Lecture 5- Sleep Flashcards
What is sleep?
-readily reversible state of reduced responsiveness -recumbent posture (lie down) -raised threshold to sensory stimuli -low level of motor output -intermittent high levels of brain activity (bursts) -dreaming -all animals seem to do it
What are the possible reasons for sleeping? (6)
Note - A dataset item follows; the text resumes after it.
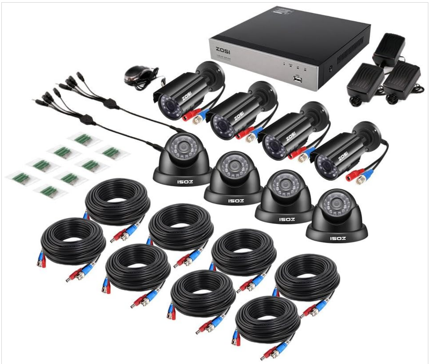
Figure 2.1: All components included in the ZOSI 8CH Security Camera System package.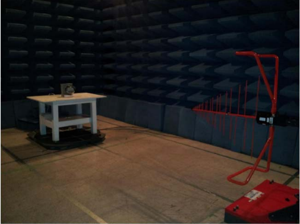
Emissions Test Setup – Intentional/Unintentional Radiated Emissions 30 – 1000 MHz

1.memory stabilisation, memories strengthen when asleep 2.cleaning and maintenance 3.for unlearning, getting rid of unwanted memories 4.restoring something (energy, neurotransmitters?) 5.adaptive inactivity: protection as it keeps you from the outside world where you wouldn’t do well 6.rewiring preprogrammed brain in light of experience
How much time in a lifetime do you spend sleeping?
-on average about a third
Do all higher vertebrates sleep?
-yes -but even drosophila does
What are the physiological changes in your body when you sleep?
-temperature drops -respiration slows (saves energy) -alertness decreases -brain activity changes
What do you look at when examining sleep wave patterns?
-EEG
How do you utilise EEG to examine sleep patterns?
-scalp electrodes record the electrical potential of cortex -measures activity in populations of cortical neurons -voltages generated by dendrites of pyramidal neurons acting synchronously -in form of rhythmic bursts of activity (brain waves) -multiple leads on scalp and ears -each traces reflect activity in different cortical regions
What is the EEG signature when awake?
-small, high frequency waves -a lot of activity in the cortex when awake
What is the EEG pattern of a sleeping brain?
-two characteristic brain wave patterns 1. Non-REM sleep: larger more rhythmic brain waves, low frequency, small 2. REM sleep has small hight frequency waves indistinguishable from waking state
What does the EEG of an awake person look like (picture)?
- awake or REM sleep
- low voltage, random, fast
- when drowsy= alpha waves
What does the EEG of a person sleeping look like (picture)?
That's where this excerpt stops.